**MATERIAL PROVIDED**
================

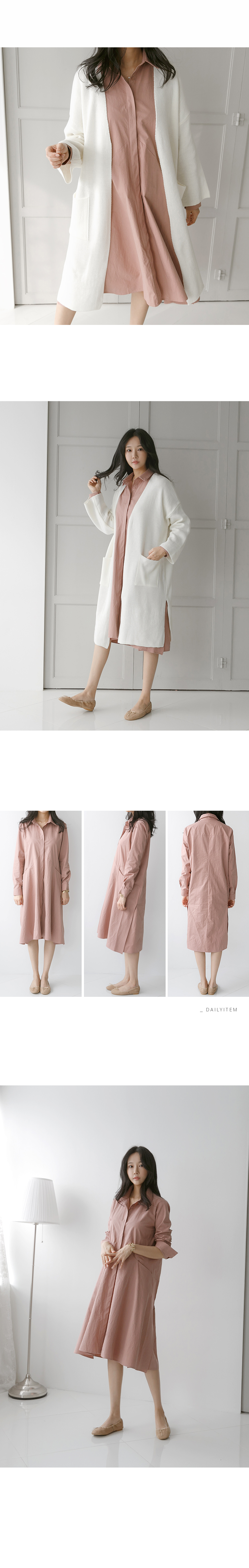 내추럴하게 소매 살짝 접어주고 자연스러운 구김이 멋스러운 원피스로 단독으로 혹은 가디건 등과 함께 코디하기 좋답니다^^
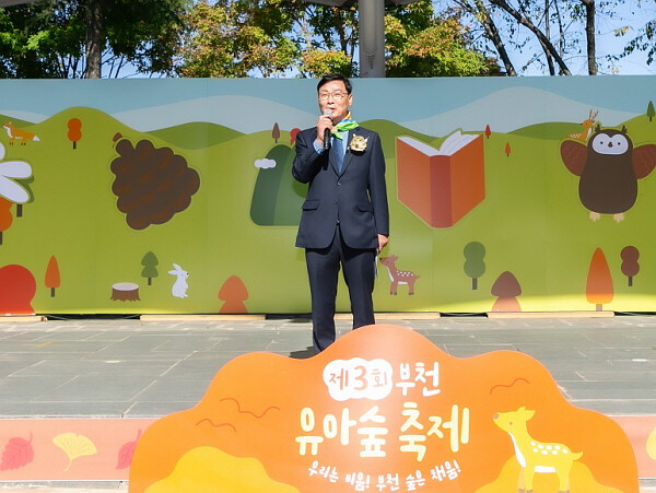 | ▲ 25일 김병전 부천시의회 의장이 원미산 진달래동산에서 열린 제3회 부천 유아숲 축제에 참석해 축사를 하고 있다. (사진제공=부천시의회) |
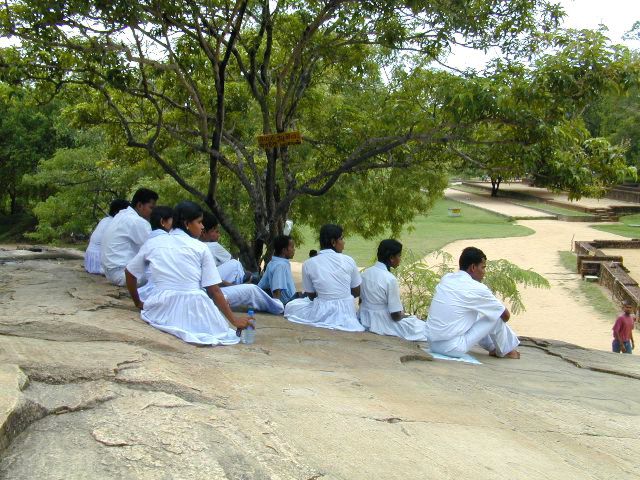 Der massive Felsen erhebt sich 200 m aus dem grünen Dschungel in den Himmel . Vor 1500 Jahren muß dieser Anblick mit dem Palast oben auf , überwältigend ausgesehen haben. Im 5. Jahrhundert und nur 18 Jahre lang , war diese Festung eines der schönsten Königsresidenzen , die die Welt je gesehen hatte . Angst , Arroganz und der Wahn , gottähnlich zu sein , erbaute der Prinz Kasyapa seinen Palast auf diesen Felsen . "Erschlagt meinen Vater" brüllte wutentbrannt der Prinz Kasyapa, und sein Vater, ( Herrscher Ceylons ), wurde bei lebendigem Leib begraben . . Klick hier fuer mehr Fotos
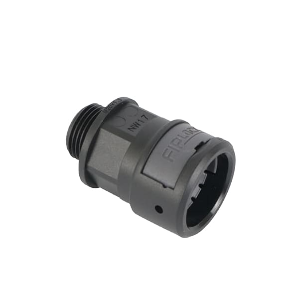 Die einteilige Kabelschutzverschraubung ASPA-M mit metrischem Anschlussgewinde aus speziell modifiziertem, halogenfreiem Polyamid 6 ist selbstverlöschend und beständig gegen die meisten gebräuchlichen chemischen Medien. Dank des neu entwickelten 360°-Verriegelungssystems und der innenliegenden Rohrdichtungen erfüllt ASPA-M in Verbindung mit unseren FIPLOCK-Wellrohren die höchstmögliche Schutzklasse IP69.

================

**PROMPT**
Every line from the top of the material above through the line with "있다. (사진제공=부천시의회) |" should be duplicated exactly, please; leave out the pictures.

**SOLVED EXERCISE**
 내추럴하게 소매 살짝 접어주고 자연스러운 구김이 멋스러운 원피스로 단독으로 혹은 가디건 등과 함께 코디하기 좋답니다^^
 | ▲ 25일 김병전 부천시의회 의장이 원미산 진달래동산에서 열린 제3회 부천 유아숲 축제에 참석해 축사를 하고 있다. (사진제공=부천시의회) |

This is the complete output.